Segment Start: EXERCISE MATERIALS

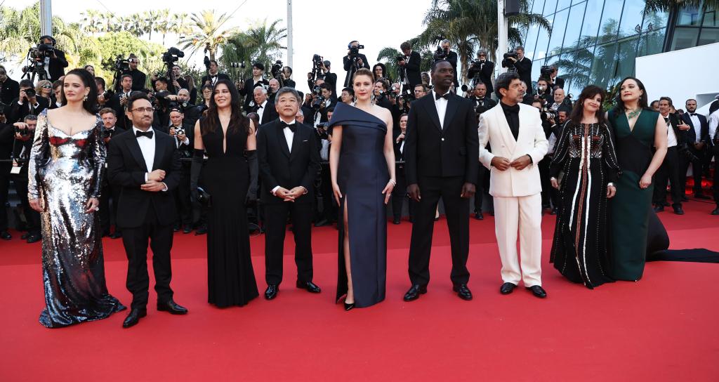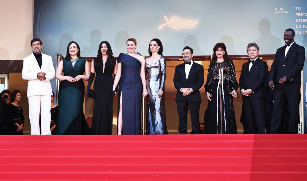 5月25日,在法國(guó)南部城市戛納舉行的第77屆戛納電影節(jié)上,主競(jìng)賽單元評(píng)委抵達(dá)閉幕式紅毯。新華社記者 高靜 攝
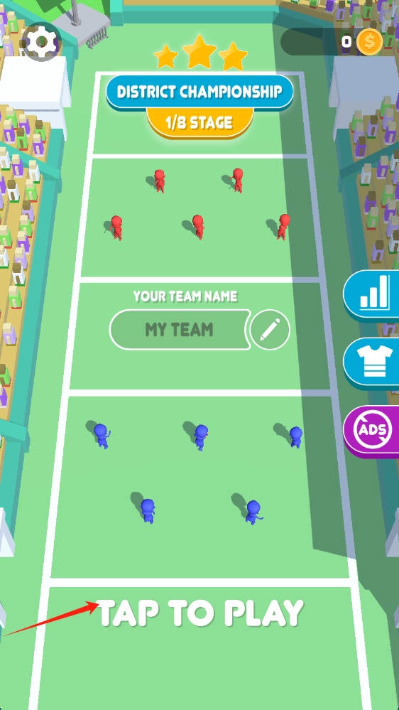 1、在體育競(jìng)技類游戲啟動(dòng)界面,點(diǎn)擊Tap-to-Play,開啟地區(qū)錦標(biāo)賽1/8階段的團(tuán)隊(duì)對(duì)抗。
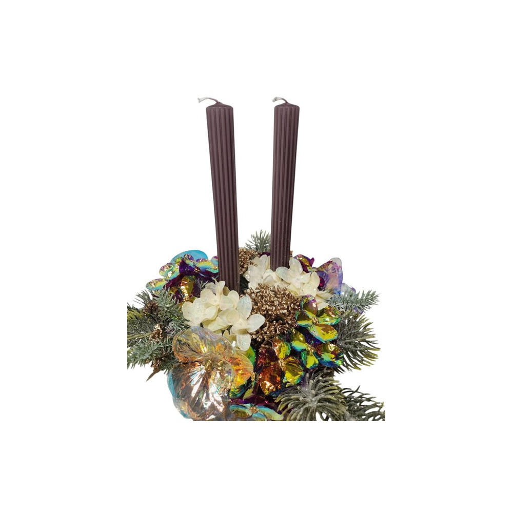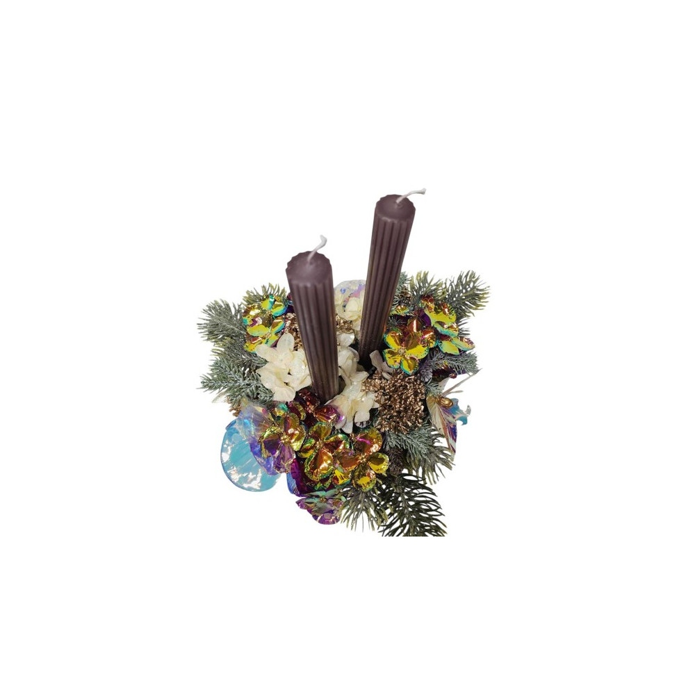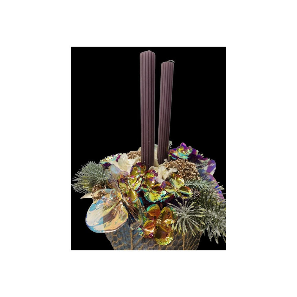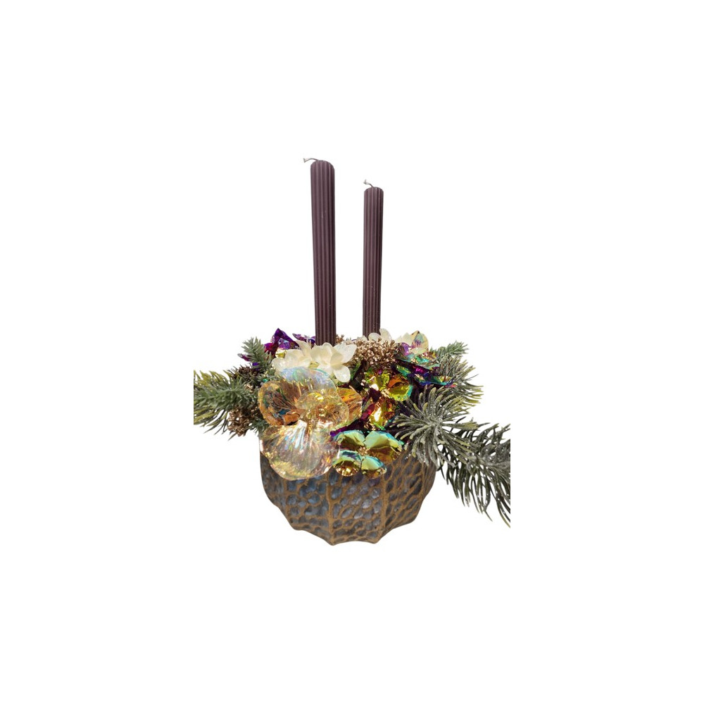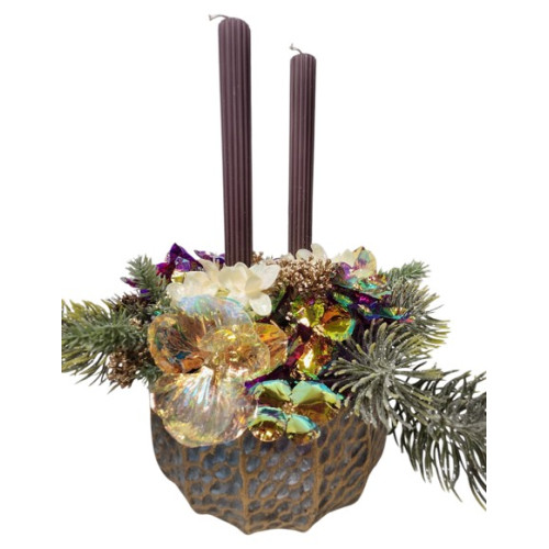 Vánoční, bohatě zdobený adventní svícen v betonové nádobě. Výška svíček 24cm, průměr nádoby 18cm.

Segment End: EXERCISE MATERIALS
Segment Start: EXERCISE MATERIALS

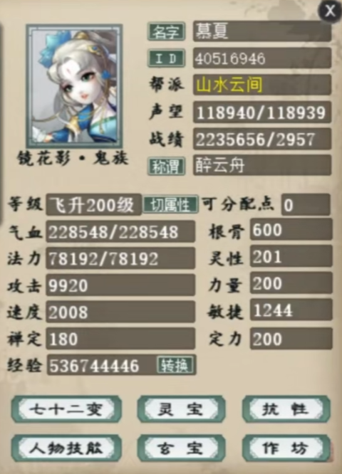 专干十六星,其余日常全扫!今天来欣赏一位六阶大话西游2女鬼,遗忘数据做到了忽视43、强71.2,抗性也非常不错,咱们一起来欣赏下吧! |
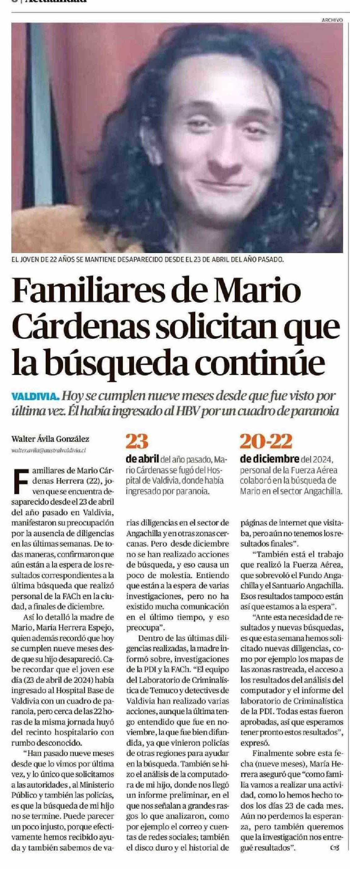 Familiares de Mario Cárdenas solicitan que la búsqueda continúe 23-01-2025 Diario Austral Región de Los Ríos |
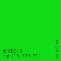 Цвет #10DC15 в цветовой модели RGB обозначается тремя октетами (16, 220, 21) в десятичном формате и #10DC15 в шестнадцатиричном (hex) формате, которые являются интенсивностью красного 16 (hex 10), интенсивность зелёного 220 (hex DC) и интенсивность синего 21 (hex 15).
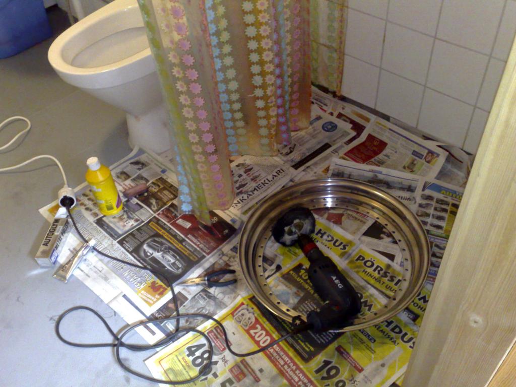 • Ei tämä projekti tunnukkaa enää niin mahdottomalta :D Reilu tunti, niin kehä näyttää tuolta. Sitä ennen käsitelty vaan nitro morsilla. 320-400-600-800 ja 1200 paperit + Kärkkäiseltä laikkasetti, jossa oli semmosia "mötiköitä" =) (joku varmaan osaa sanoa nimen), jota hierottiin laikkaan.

Segment End: EXERCISE MATERIALS

[GOAL OF THE EXERCISE]:
Look above for the line with "1、在體育競(jìng)技類" and the line with "Vánoční, bohatě zdobený", then copy exactly the lines from the first through the second, both kept, with no pictures.

[REPLY]:
 1、在體育競(jìng)技類游戲啟動(dòng)界面,點(diǎn)擊Tap-to-Play,開啟地區(qū)錦標(biāo)賽1/8階段的團(tuán)隊(duì)對(duì)抗。
 Vánoční, bohatě zdobený adventní svícen v betonové nádobě. Výška svíček 24cm, průměr nádoby 18cm.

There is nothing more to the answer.